Troubleshooting Your Protein Pancakes
If the batter sticks to the pan when you try to flip it, that may be the result of the following:
- the pancakes have been poured too big (try 1 TBSP of batter per pancake to start - this looks small, but they expand as they cook)
- the pan wasn’t warm enough when you started cooking them
- you haven't cooked that side long enough
- you are not using enough oil for the type of pan you chose to work with
- if you don't want to use oil, you have to use a non-stick pan (we recommend one that is a ceramic coat, such as Trudeau Pure Line).

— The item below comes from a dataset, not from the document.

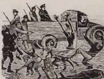
圖 9-7 黃榮燦的木刻版畫〈恐怖的檢查〉鮮活地描繪了二二八事件情景，發表於民國36年4月28日的上海《文匯報》。黃榮燦本人也死於1950年代的白色恐怖。

If the batter 'splays' when you pour it in the pan:
- the pan is too hot
- the batter is too thin (add more mix by only an extra 1 tsp at a time to get the right texture)
- whisk and add an egg (even though this would seem to be adding more liquid, it actually adds more binding power and makes the batter less watery
Prefer fluffy instead of crunchy pancakes?
- Use a non-stick pan with very minimal oil.
- Use milk instead of water (you will have to use more milk than water - use equal parts mix to milk)
- Suprisingly, the pancakes are fluffier without adding an egg!
Want more pancake volume?
- Use 1/4 cup mix with 1/4 cup milk or milk alternative (instead of 3 TBSP water)
- An an egg or two!
- Add 1/4 - 1/2 cup shredded cheese
- Add additional ingredients like shredded veggies or canned fish.
Click here for hints and tips on making the perfect protein pancake.
Have a favourite way that you love to make our pancakes and want to share it? Send your original recipe to firstname.lastname@example.org
We love it when you post pictures of your creations on our Facebook page.
Love these pancakes? Click here to give us a review!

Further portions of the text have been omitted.